Yossele spent almost two years in ultra-Orthodox boarding schools in Switzerland and France. But when the search for Yossele in Israel reached a larger scale, Madeleine showed up at the boarding school in Meaux, where the child was hidden now under the guise of “Menachem, an orphan of Swiss parentage.”

She dressed him in girl’s clothes once again and flew with him to America. There she was helped by the head of the Satmar sect, Rabbi Joel Teitelbaum, who directed a milkman named Gertner to take “Yankele” to his home and pass him off as a cousin from Argentina who had come for a long visit.

The Mossad experts realized that the ultra-Orthodox clandestine network spread all over America and Europe was comparable to the secret organizations of the world’s best intelligence services. And, most of all, they were amazed by Ruth Ben-David. She stuck to the rules of conspiracy: she never had a permanent address, carried all her important papers in her handbag, changed identities as easily as one changes one’s clothes. The lovely Frenchwoman was the Mata Hari of the Orthodox world.

But while all of Israel was rejoicing over the return of Yossele to his parents, Ruth Ben-David felt broken and vanquished. “I am guilty,” she said to her friends, sobbing. “I betrayed our cause.

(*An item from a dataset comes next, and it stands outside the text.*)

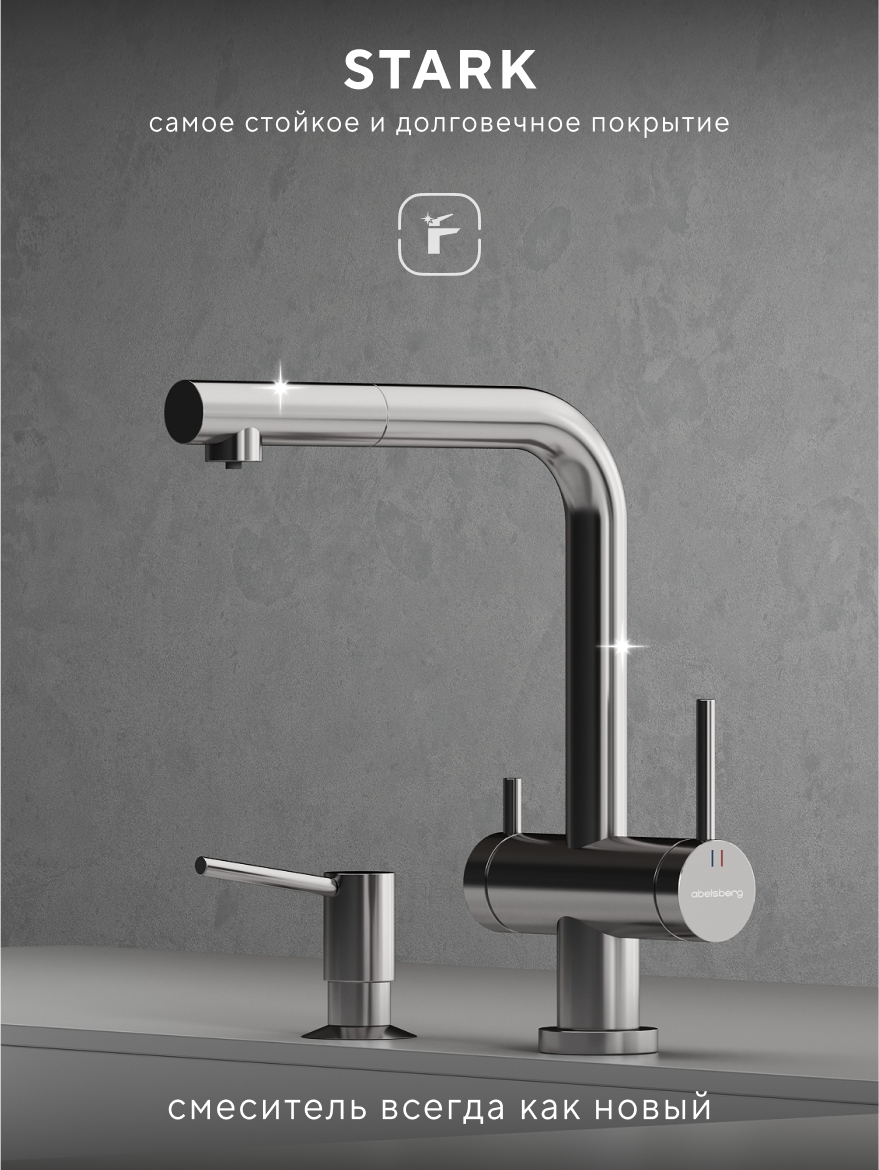 Abelsberg Pura — смеситель с вытяжным душем — расширяет привычный функционал. Гибкий шланг и плавное переключение режимов делают его удобным для работы в разных зонах мойки, а однорычажное управление и встроенный канал для питьевой воды сохраняют чистоту подачи и простоту использования. Даже при высокой функциональности Pura остаётся верной своей эстетике — сдержанной, лаконичной, чистой.

I can never forgive myself. I had a precious treasure entrusted to me, and I could not keep it.”

Yet Madeleine Ferraille/Ruth Ben-David—had so admirably demonstrated all the qualities necessary for a secret agent that Isser Harel decided to offer her a job at the Mossad. But he was too late. Ruth returned to Jerusalem and vanished in the ultra-Orthodox world; three years later, she married Rabbi Amram Blau, the seventy-two-year-old head of the most fanatical of all sects, Neturei Karta.

Isser Harel and Yossele Schuchmacher met only nine years later, when one of the authors of this book threw a party in Isser’s honor and invited Yossele. Yossele—now a private first class in a tank division—shook hands with Isser and declared: “I am deeply touched. Isser Harel has been the most important person in my life. Without him I would not be here among you.”